WHAT THE TASK ASKS: Restate word for word the opening line of the data below and every line after it until the line with "особенностей вашего участка.", that line too, but not the pictures.

[Stored items from a collection]
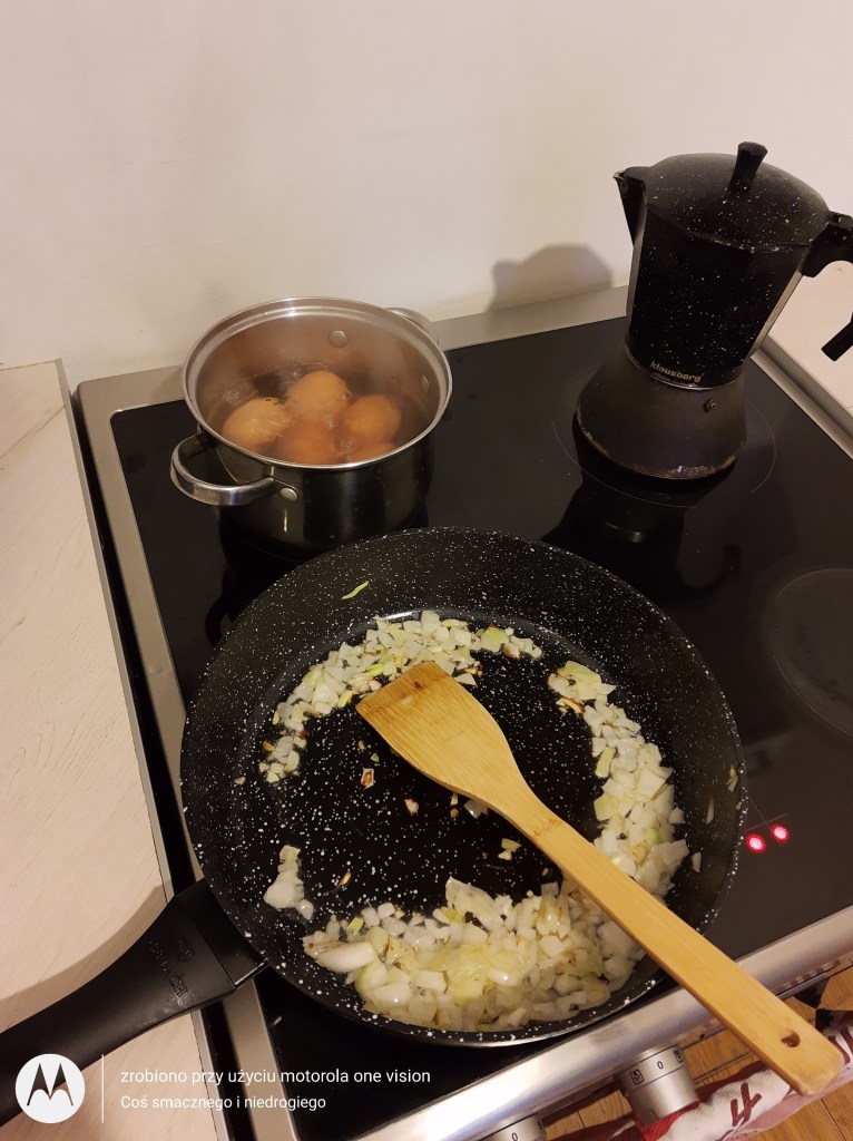 Ziemniaki, marchewki oraz cebulę obieram i tę ostatnią szatkuję oraz smażę na rozgrzanej patelni.
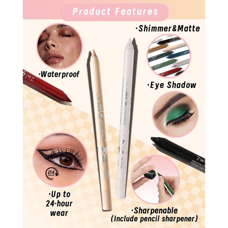 Nude Gel Eyeliner Pencil Set-2Pcs Multi-Use Gel Eye Liner waterline Pen,Long Lasting Waterproof Smudge-proof Water Line Pencil, Professional Eye Makeup Kit for Older Women with Pencil Sharpener-03
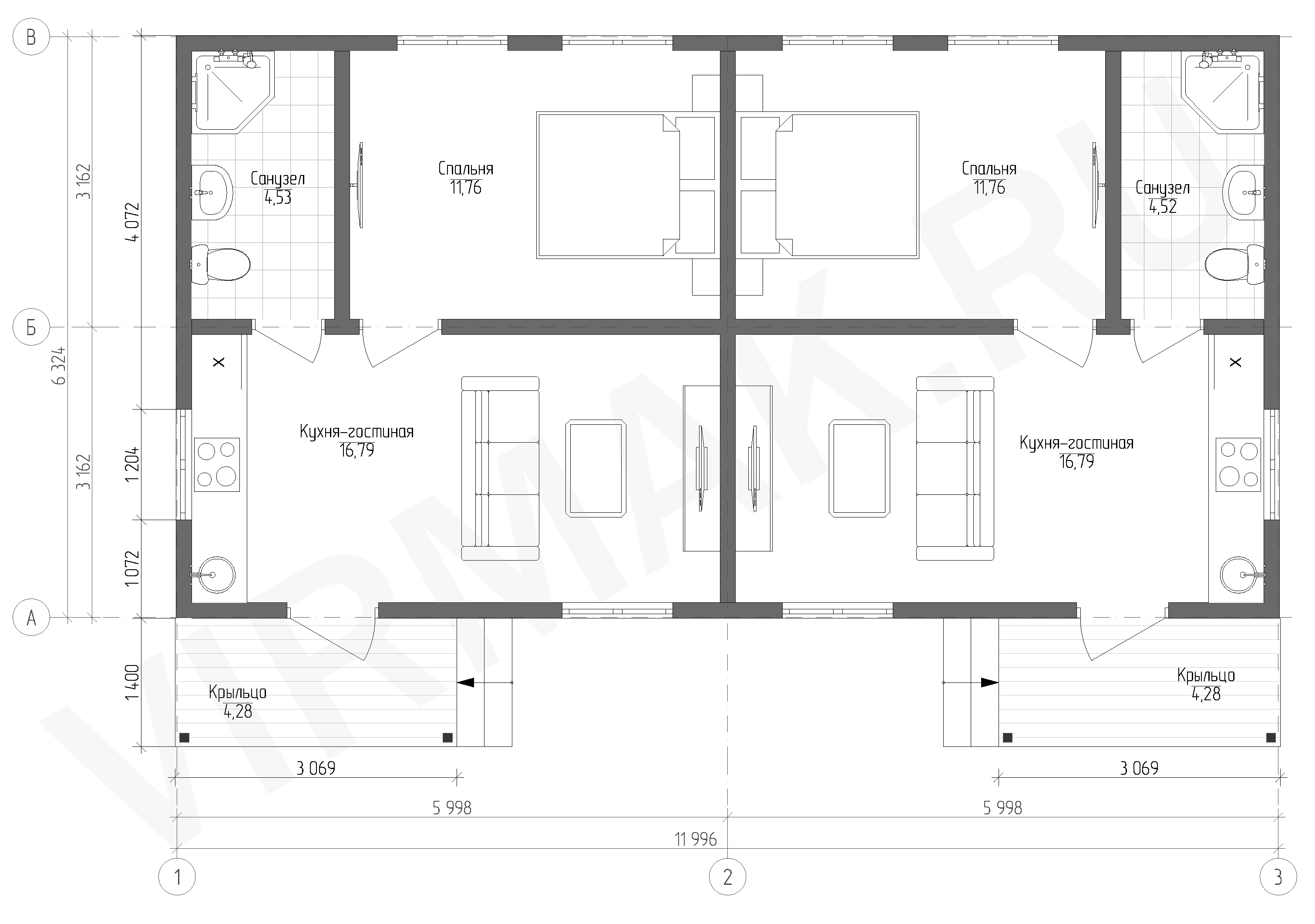 * В данную комплектацию не входит фундамент и крыша. Его тип и стоимость определяется индивидуально в зависимости от особенностей вашего участка.
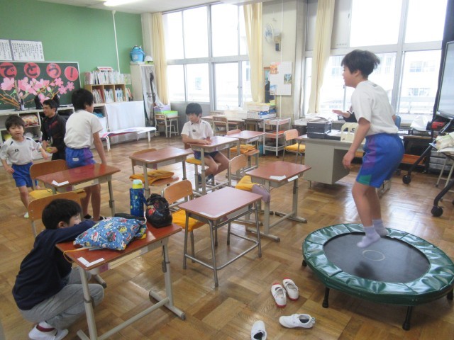 体を動かす活動をしていました。なかよし組には色々な用具があり、有効活用しています。
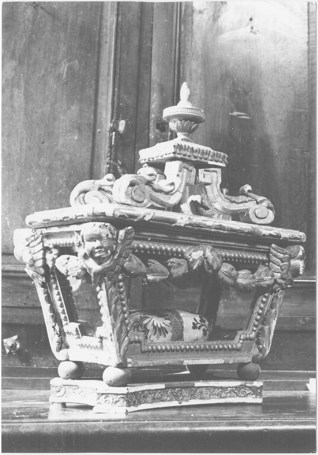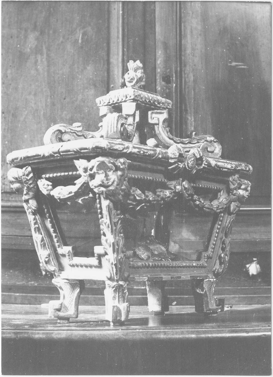 Boîtes ajourées dont l'encadrement de bois forme le décor. Elles sont fermées par un couvercle où des rinceaux soutiennent une petite plateforme qui porte un vase ou une graine.
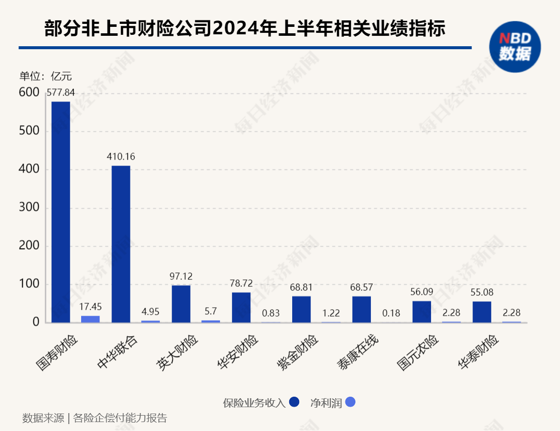 非上市财险公司中,国寿财险、中华相接财险两家保费限制大幅首先于其他公司,2024年上半年,国寿竣事保障业务收入577.84亿元,同比增长3.37%;中华相接财险保障业务收入410.16亿元,同比增长3.92%。其余公司保费限制均不及百亿,8家公司上半年保障业务收入不及1亿元。
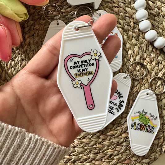Motel Keyrings in various designs suitable for gifting or yourself, Sarcastic keyring, love key ring, self respect keyring, coffee keyring
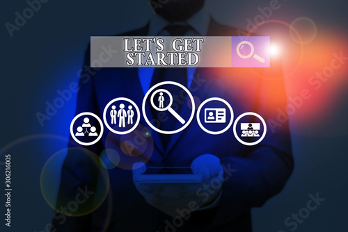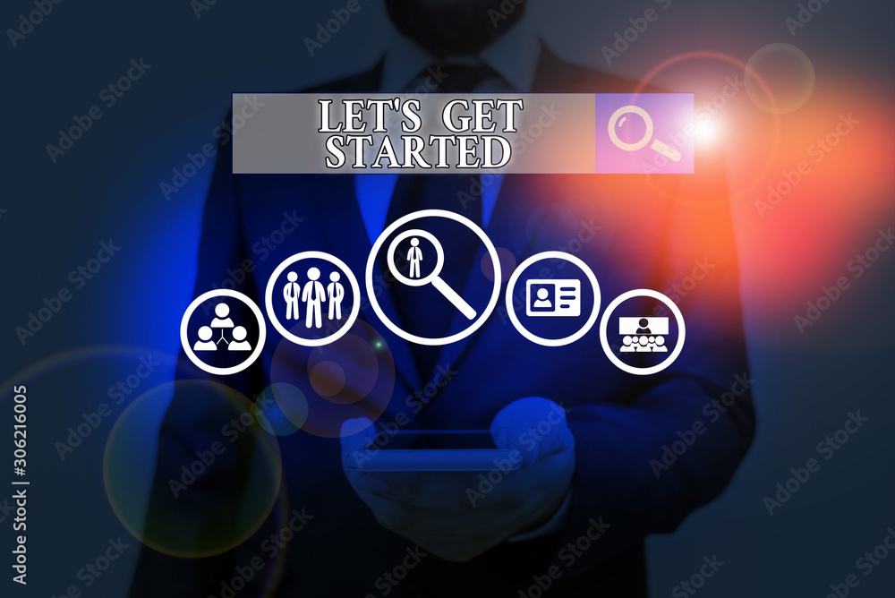 The watermark will not be included on Wall mural.: Handwriting text writing let s get started - conceptual photo to begin doing or working on something
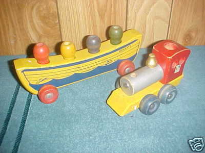 Wooden boat with four different colored cylindrical "people" riding in holes in the top.Yellow boat with blue detail, waves and fish, marked "HOLGATE" on the bow. Red wheels and a hole for a pull-string.
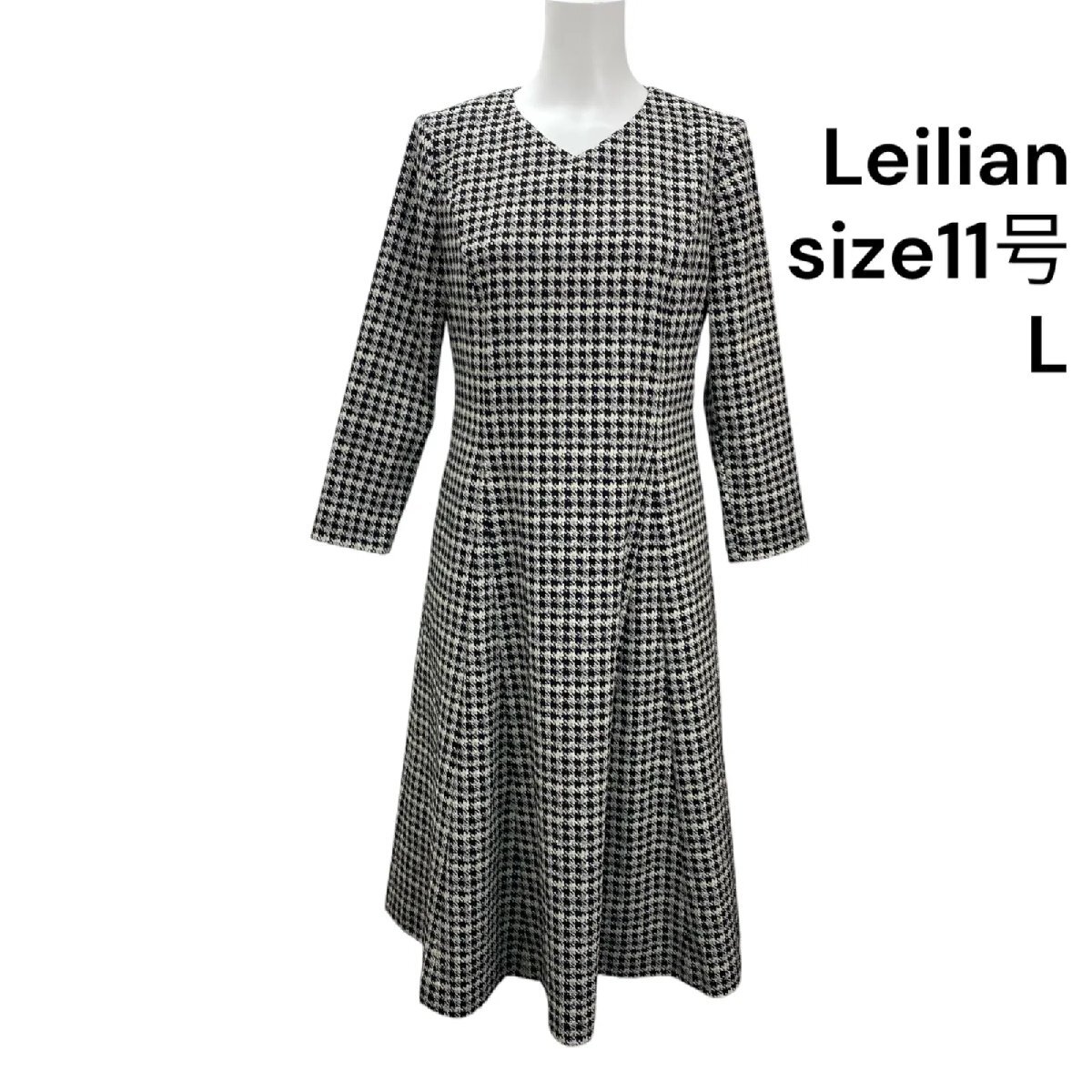レリアン Leilian ワンピース ロング 長袖 コットン 千鳥格子 モノトーン 11号、L レディース S5T366

FINAL ANSWER:
 Ziemniaki, marchewki oraz cebulę obieram i tę ostatnią szatkuję oraz smażę na rozgrzanej patelni.
 Nude Gel Eyeliner Pencil Set-2Pcs Multi-Use Gel Eye Liner waterline Pen,Long Lasting Waterproof Smudge-proof Water Line Pencil, Professional Eye Makeup Kit for Older Women with Pencil Sharpener-03
 * В данную комплектацию не входит фундамент и крыша. Его тип и стоимость определяется индивидуально в зависимости от особенностей вашего участка.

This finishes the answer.